This is from chapter 3.6 of the textbook by John Rice on probability and statistics:
The continuous case is very similar. Supposing that $X$ and $Y$ are continuous random variables, we first find the cdf of $Z$ and then differentiate to find the density.
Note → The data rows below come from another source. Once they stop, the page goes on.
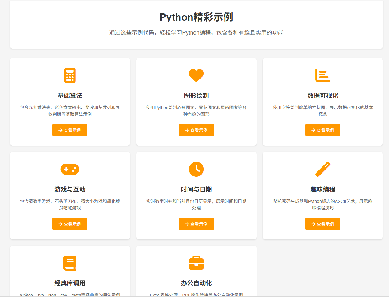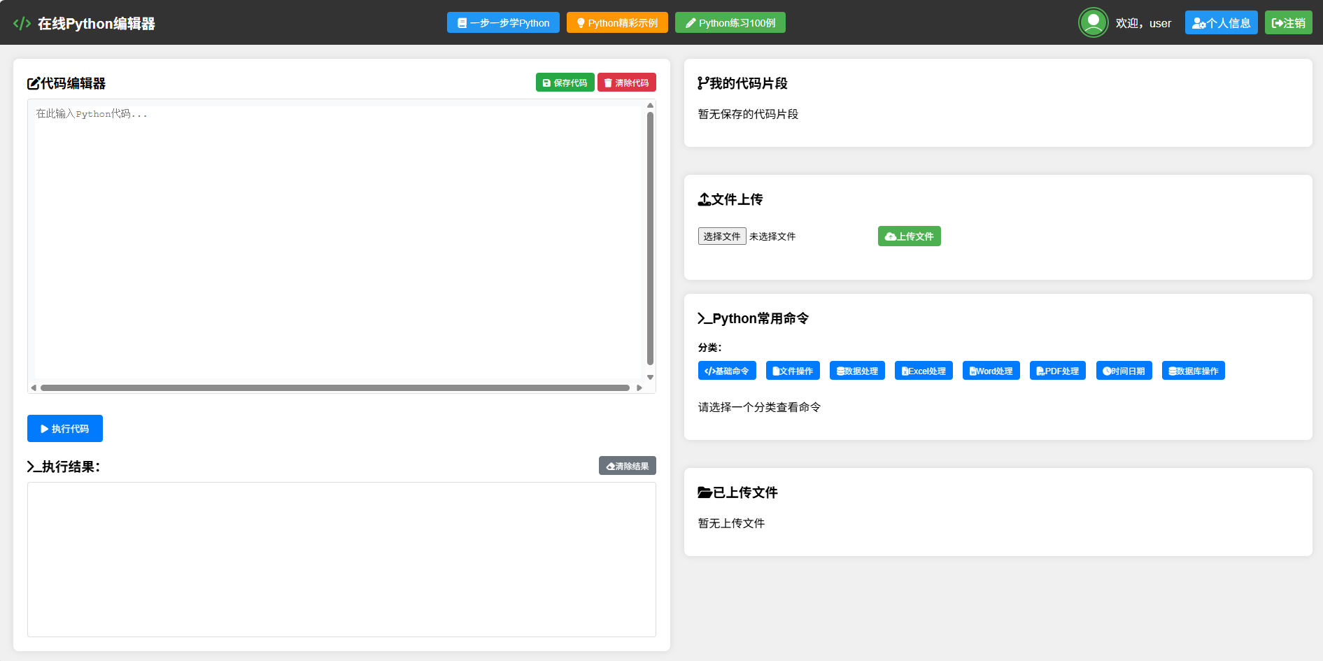 单位里现在主流的数据处理还都是用excel,但是处理起来费时费力还老出问题,他们也经常找我们技术部门的人来处理数据,也对python这个"高大上"的东西很是好奇,但是又有畏难情绪,其实现在AI发展的这么快,别的不说,搞个python代码处理数据那还真是让AI砸了码农的饭碗了,只有想不到没有做不到。为了让他们初步的接触认识python,我就利用AI开发了这么个基于 Flask 的在线 Python 编辑、运行和学习的平台,提供代码编辑、执行、文件管理、示例代码和练习系统等功能,让大家伙不用自己下载安装python就能在网页上先体验一番,还能循序渐进的了解python,学习python。这次大部分的代码都是AI生成的,我只提供创意,不废话了,直接上菜。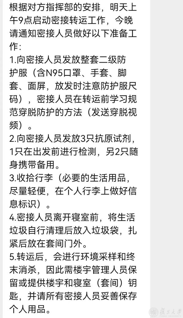 人性周到的细节安排也是学校转运工作中的重要特点。每次转运前,防控办都会组建转运工作群,提前将要求和流程告知大家,同时预先了解人员情况需求,确保每一步手势不乱不错。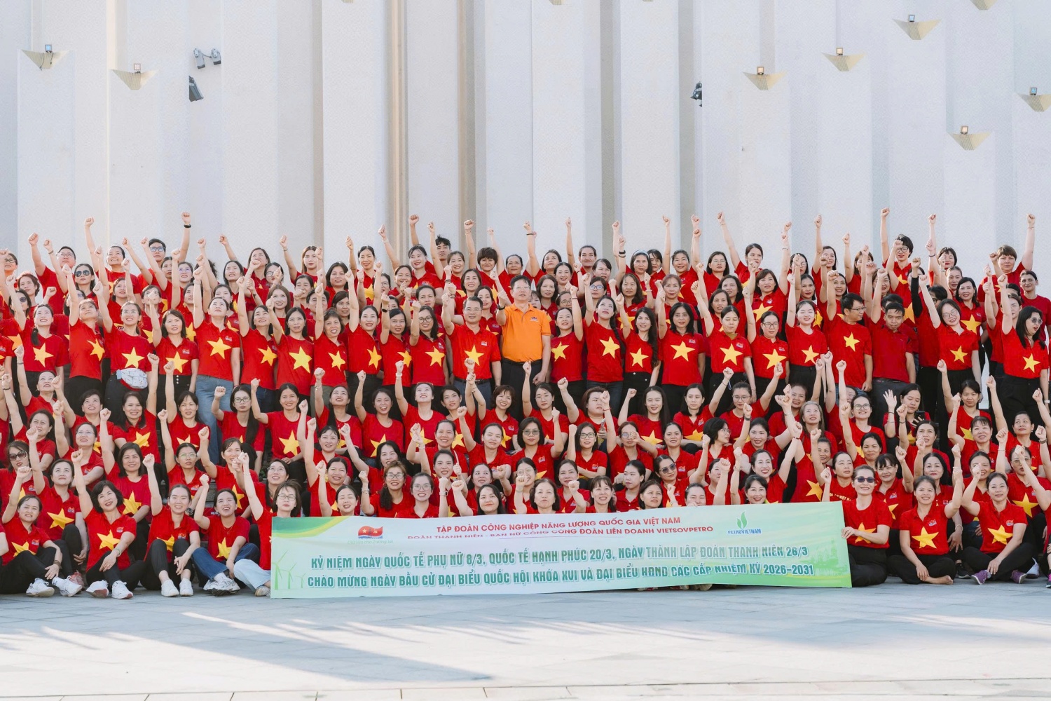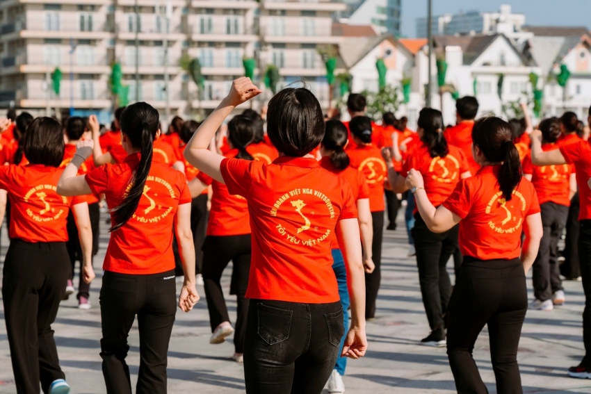 Trong không khí phấn khởi của những ngày tháng Ba, gần 400 nữ công và đoàn viên, thanh niên Vietsovpetro trong trang phục áo cờ đỏ sao vàng đã nhuộm thắm một góc quảng trường, tạo nên hình ảnh vô cùng ấn tượng và đầy sức sống.

Since $Z \leq z$ whenever the point $(X, Y)$ is in the shaded region $R_z$ shown in Figure $3.17$, we have \begin{align} F_Z (z) &=\iint\limits_{R_z} f(x,y) \ dx \ dy \\ &= \int_{-\infty}^\infty \int_{-\infty}^{z-x} f(x,y) \ dy \ dx. \end{align} In the inner integral, we make the change of variables $y=v-x$ to obtain \begin{align} F_Z (z) &= \int_{-\infty}^\infty \int_{-\infty}^z f(x,v-x) \ dv \ dx \\ &=\int_{-\infty}^z \int_{-\infty}^\infty f(x,v-x) \ dx \ dv. \end{align} Differentiating, we have, if $\int_{-\infty}^\infty f(x,z-x) \ dx$ is continuous at $z$, $$f_Z (z) =\int_{-\infty}^\infty f(x,z-x) \ dx.$$
I don't understand how they were applied the change of variables in the double integral. Why does the upper bound of the inner integral change from $z-x$ to $z$?
Because when $v=z$ you have $y=v-x = z-x$ as like in the first integral.